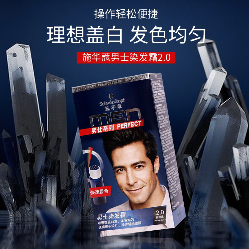 施华蔻植物染漂发剂膏无氨遮盖白发棕珍珠黑色自己在家染男士专用
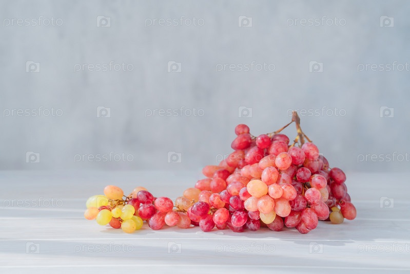 Гроздь розового винограда на столе. Свежий сочный красный виноград на сером фоне
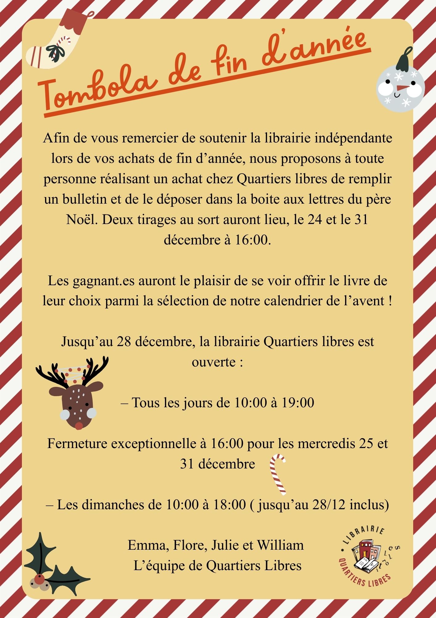 Nous sommes convaincues du rôle unique de la librairie de centre-ville, qui tisse avec ses clients, avec les acteurs·rices locaux·ales et culturel·elle·s des liens privilégiés. Nous voulons que Quartiers libres devienne cet essentiel.
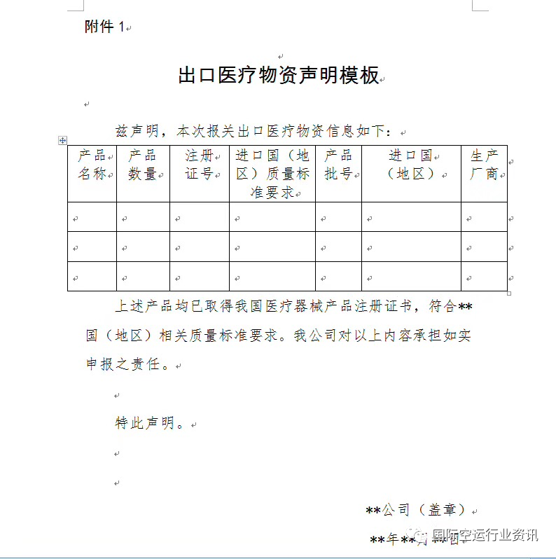 (出口醫(yī)療物資聲明:表格不能留空,表頭不要有模板兩個(gè)字,蓋生產(chǎn)銷售單位公章,每項(xiàng)必須填滿)

▸ **ABOUT THIS TASK**: Write the material out again exactly as it appears, dropping the pictures.

▸ **SOLUTION TO THE PROBLEM**:
 施华蔻植物染漂发剂膏无氨遮盖白发棕珍珠黑色自己在家染男士专用
 Гроздь розового винограда на столе. Свежий сочный красный виноград на сером фоне
 Nous sommes convaincues du rôle unique de la librairie de centre-ville, qui tisse avec ses clients, avec les acteurs·rices locaux·ales et culturel·elle·s des liens privilégiés. Nous voulons que Quartiers libres devienne cet essentiel.
 (出口醫(yī)療物資聲明:表格不能留空,表頭不要有模板兩個(gè)字,蓋生產(chǎn)銷售單位公章,每項(xiàng)必須填滿)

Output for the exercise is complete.